▶ ABOUT THIS TASK:
Starting at the line below with "Alliez plaisir et" and stopping at the line with "Ảnh: Trần Lý |", please print each line exactly, those two included, and skip every picture.

▶ EXERCISE DATA:
*****
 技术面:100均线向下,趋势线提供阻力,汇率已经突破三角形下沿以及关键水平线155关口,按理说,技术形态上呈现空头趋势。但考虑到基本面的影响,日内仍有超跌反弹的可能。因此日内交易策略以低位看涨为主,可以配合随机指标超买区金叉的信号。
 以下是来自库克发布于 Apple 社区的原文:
*****
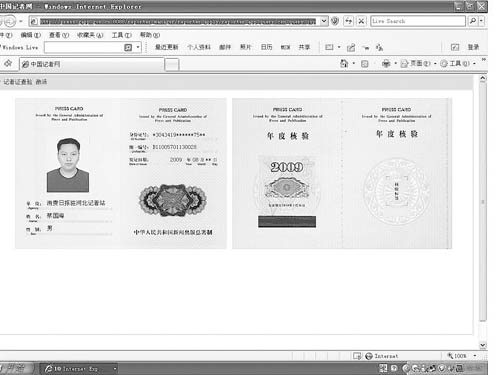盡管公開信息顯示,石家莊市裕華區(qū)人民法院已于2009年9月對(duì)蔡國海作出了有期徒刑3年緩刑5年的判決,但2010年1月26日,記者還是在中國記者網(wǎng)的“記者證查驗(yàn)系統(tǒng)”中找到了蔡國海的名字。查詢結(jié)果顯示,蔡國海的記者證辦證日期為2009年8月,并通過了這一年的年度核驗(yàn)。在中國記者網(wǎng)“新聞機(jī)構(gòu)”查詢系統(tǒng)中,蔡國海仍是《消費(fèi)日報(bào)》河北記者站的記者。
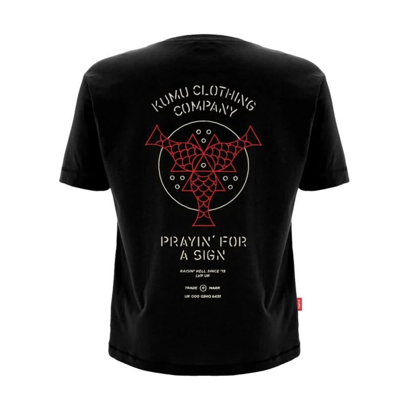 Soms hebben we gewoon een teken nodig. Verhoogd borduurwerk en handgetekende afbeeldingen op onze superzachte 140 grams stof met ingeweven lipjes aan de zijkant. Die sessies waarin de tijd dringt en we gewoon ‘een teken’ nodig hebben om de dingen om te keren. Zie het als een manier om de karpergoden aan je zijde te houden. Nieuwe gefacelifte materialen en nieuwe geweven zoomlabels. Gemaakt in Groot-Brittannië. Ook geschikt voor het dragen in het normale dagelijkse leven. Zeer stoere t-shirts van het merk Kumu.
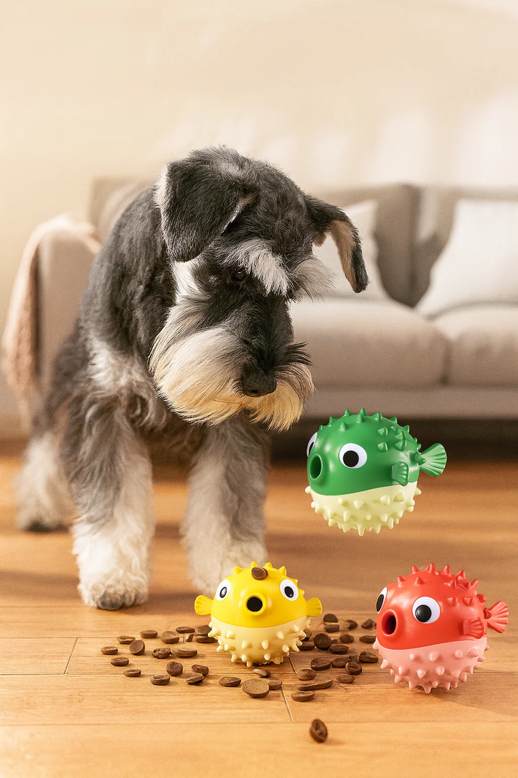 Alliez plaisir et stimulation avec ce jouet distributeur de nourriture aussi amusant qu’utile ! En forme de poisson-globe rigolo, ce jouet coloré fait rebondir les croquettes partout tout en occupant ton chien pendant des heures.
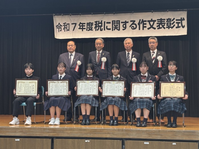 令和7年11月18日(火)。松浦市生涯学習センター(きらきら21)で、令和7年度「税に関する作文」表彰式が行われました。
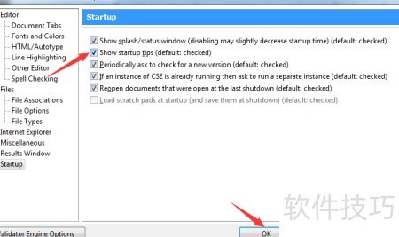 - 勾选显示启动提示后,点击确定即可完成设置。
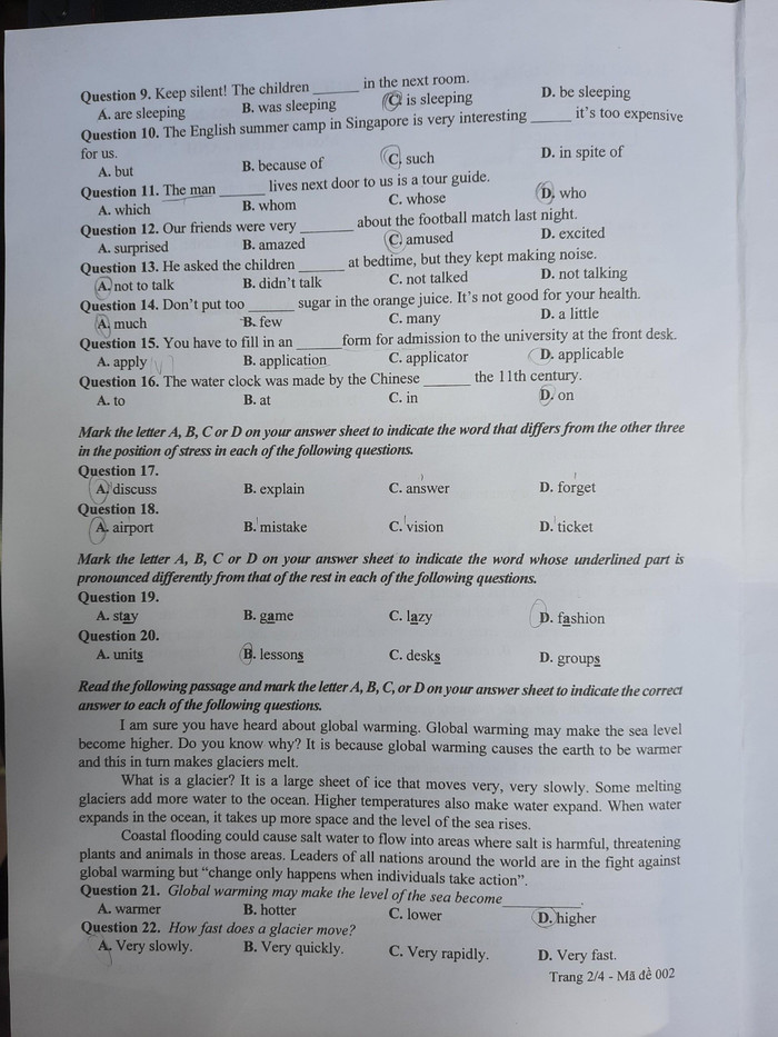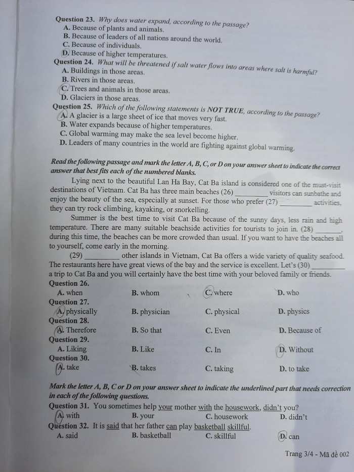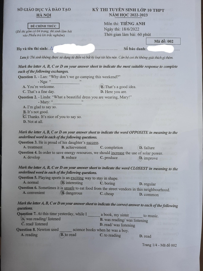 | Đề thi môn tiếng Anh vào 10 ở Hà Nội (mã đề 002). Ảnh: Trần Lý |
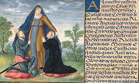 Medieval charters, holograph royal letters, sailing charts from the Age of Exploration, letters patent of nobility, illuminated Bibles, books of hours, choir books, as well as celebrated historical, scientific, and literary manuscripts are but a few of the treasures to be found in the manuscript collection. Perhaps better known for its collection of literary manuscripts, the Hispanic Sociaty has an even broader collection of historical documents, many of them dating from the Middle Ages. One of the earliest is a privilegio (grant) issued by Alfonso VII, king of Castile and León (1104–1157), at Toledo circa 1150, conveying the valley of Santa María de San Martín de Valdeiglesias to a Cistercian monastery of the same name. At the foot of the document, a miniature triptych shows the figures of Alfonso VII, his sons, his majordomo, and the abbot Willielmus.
*****
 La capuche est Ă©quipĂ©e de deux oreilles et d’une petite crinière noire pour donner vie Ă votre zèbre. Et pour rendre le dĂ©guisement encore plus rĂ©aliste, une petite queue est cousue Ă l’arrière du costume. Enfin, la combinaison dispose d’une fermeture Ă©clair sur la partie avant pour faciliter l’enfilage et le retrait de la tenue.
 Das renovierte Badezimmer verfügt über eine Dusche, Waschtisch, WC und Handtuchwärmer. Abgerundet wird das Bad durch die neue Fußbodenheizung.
*****
▶ REPLY:
 Alliez plaisir et stimulation avec ce jouet distributeur de nourriture aussi amusant qu’utile ! En forme de poisson-globe rigolo, ce jouet coloré fait rebondir les croquettes partout tout en occupant ton chien pendant des heures.
 令和7年11月18日(火)。松浦市生涯学習センター(きらきら21)で、令和7年度「税に関する作文」表彰式が行われました。
 - 勾选显示启动提示后,点击确定即可完成设置。
 | Đề thi môn tiếng Anh vào 10 ở Hà Nội (mã đề 002). Ảnh: Trần Lý |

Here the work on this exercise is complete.